West Ina Road at Interstate 10 is currently filled with construction equipment, detours and dirt. With the environmental assessment on the project stating Ina’s closure could be up to 24 months, many local business owners originally felt concern about traffic rerouting away from their storefronts. However, this does not seem to be the case.
“The loyalty of local shoppers has been fantastic,” said Julee Baxley, co-owner of Integrity Automotive. “People have found shortcuts and rerouted themselves. Businesses with good reputations and loyal customers have not been affected.”
Integrity Automotive is only a few blocks off the I-10, almost as close the Ina project as a company can get, and according to Baxley, has not seen a slowdown.
“Ina is not closed,” Baxley said.
While some larger chains that rely on through-traffic have felt effects, such as the Jack in the Box and the longstanding Hooters that both shut down, many local family-owned businesses remain unaffected.
“There’s never a good time to close down roads,” said Ed Stolmaker, President and CEO of the Marana Chamber of Commerce. “But people have realized it needed to happen, and when it’s completed, it’ll help Marana.”
Stolmaker said social media and websites are helping businesses survive the lack of road traffic, and that there are even some people making efforts to go out and shop locally at specific stores to help out during the construction.
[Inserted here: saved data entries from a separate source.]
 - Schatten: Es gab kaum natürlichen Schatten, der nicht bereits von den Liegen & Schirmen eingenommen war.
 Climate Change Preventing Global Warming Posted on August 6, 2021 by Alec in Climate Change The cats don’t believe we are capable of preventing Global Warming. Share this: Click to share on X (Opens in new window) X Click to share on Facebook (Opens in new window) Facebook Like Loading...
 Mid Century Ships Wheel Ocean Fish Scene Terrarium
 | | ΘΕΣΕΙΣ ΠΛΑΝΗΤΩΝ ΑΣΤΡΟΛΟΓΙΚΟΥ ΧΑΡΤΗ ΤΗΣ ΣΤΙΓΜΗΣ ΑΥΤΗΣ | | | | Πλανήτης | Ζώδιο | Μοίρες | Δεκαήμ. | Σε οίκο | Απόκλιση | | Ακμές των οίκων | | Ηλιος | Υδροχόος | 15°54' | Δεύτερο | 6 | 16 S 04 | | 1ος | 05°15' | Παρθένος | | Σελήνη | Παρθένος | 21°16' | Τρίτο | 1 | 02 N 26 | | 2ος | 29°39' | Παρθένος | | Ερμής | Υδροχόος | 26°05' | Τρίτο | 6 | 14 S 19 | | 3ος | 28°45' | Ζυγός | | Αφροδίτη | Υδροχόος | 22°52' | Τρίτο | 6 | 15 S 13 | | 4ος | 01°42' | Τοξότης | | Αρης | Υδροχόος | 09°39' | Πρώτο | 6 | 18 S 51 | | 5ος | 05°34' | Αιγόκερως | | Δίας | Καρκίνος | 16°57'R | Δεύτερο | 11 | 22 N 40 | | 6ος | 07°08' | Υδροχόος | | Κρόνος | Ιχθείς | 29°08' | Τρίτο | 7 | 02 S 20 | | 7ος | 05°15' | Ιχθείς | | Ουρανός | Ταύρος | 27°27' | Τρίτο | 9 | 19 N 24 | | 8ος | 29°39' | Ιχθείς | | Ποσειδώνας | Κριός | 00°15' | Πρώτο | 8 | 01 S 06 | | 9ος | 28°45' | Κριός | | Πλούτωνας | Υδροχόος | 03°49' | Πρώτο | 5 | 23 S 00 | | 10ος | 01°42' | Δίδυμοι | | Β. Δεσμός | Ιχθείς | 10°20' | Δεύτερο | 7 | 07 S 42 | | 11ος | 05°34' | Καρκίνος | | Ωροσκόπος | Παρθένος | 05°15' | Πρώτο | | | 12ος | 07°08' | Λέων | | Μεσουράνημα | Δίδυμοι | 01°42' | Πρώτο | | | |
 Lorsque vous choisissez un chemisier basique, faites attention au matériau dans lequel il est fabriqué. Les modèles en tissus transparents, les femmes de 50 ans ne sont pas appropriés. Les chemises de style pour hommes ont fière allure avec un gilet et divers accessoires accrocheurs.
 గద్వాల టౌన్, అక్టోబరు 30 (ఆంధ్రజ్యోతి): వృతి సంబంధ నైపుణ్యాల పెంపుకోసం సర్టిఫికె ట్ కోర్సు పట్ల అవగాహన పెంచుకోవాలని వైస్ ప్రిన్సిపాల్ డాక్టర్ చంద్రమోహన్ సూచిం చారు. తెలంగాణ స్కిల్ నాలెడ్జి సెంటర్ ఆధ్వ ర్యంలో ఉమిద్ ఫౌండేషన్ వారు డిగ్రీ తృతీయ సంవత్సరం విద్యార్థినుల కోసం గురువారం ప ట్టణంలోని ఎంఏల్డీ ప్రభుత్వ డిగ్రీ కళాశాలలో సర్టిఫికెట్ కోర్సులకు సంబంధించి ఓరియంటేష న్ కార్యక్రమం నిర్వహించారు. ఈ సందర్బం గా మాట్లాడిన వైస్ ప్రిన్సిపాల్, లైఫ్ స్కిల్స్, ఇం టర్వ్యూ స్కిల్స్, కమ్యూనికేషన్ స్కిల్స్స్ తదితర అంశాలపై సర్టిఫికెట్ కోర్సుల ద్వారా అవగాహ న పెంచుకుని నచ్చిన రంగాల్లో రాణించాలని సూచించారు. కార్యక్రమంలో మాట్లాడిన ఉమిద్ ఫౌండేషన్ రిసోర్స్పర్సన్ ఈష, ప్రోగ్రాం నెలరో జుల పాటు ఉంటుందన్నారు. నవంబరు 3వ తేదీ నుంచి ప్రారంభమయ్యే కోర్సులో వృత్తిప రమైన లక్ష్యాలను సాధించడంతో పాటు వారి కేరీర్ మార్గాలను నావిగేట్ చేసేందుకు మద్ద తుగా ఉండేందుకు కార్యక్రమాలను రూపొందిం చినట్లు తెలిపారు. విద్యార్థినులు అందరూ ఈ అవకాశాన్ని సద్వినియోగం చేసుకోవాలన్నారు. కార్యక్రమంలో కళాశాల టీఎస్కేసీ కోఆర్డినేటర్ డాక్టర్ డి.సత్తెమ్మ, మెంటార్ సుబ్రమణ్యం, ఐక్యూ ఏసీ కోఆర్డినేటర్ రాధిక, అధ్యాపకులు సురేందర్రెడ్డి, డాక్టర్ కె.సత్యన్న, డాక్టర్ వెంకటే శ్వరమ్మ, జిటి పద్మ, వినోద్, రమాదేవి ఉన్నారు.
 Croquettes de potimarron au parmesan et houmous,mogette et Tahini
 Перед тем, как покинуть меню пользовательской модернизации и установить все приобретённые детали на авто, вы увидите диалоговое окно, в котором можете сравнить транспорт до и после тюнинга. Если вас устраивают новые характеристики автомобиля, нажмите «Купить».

In addition, the local Shop Marana program and app are helping calm the financial burdens.
“There are a lot of people that have helped out simply because they don’t want to see their local businesses hurting,” Stolmaker said.
Discount Muffler, which is within eyesight of the Ina Construction, may have been one of the businesses most affected, if not for some frugal planning.
“I’ve known the construction was coming for about five or six years, ever since it started up at Twin Peaks,” said Katrina Martinez of Discount Muffler. “I was concerned, but knew what I had to do.
I started prepping planning.”
Since the construction and lack of through-traffic in front of their location, Discount Muffler has actually expanded their store and hired additional staff.
“I did what you’d do in normal life if you knew something like this would happen,” Martinez said. “You just have to be smart with money and ask yourself ‘do I really need to buy this?’ All my previous clientele are still coming in. I haven’t lost any customers, in fact, I’ve gained some new ones.”
Tami Peek, owner of Copper Creek Cookies, knew about the looming closure before she even signed paperwork to start her business over ten years ago. Despite this foreknowledge, she and her husband Clint, like many local business owners in the immediate area, didn’t have to do much to prepare as they don’t rely too heavily on foot traffic.
“Currently, everything has to be rerouted from the area,” Peek said. “But when it opens backup, it will help businesses all around.”
She views the reduction of through-traffic a current, necessary burden that will have a positive impact in the future, even if it is tough for some.
“It’ll be a good thing for businesses that make it through the closure,” Peek said. “Tucson needed it. It’s currently like a thorn in our side, but it’ll soon be pulled and we’re so excited.”
According to the Arizona Department of Transportation, “The purpose of the interchange reconstruction project is to improve traffic operations on I-10 and on the Ina Road traffic interchange”. With design concepts and environmental assessments reaching back to 2013, the “Ina Road Traffic Interchange” project will see the I-10 growing to three lanes in each direction, and Ina Road growing to two lanes in each direction.
The Ina Road traffic interchange is expected to remain closed through 2018. The closure began last February.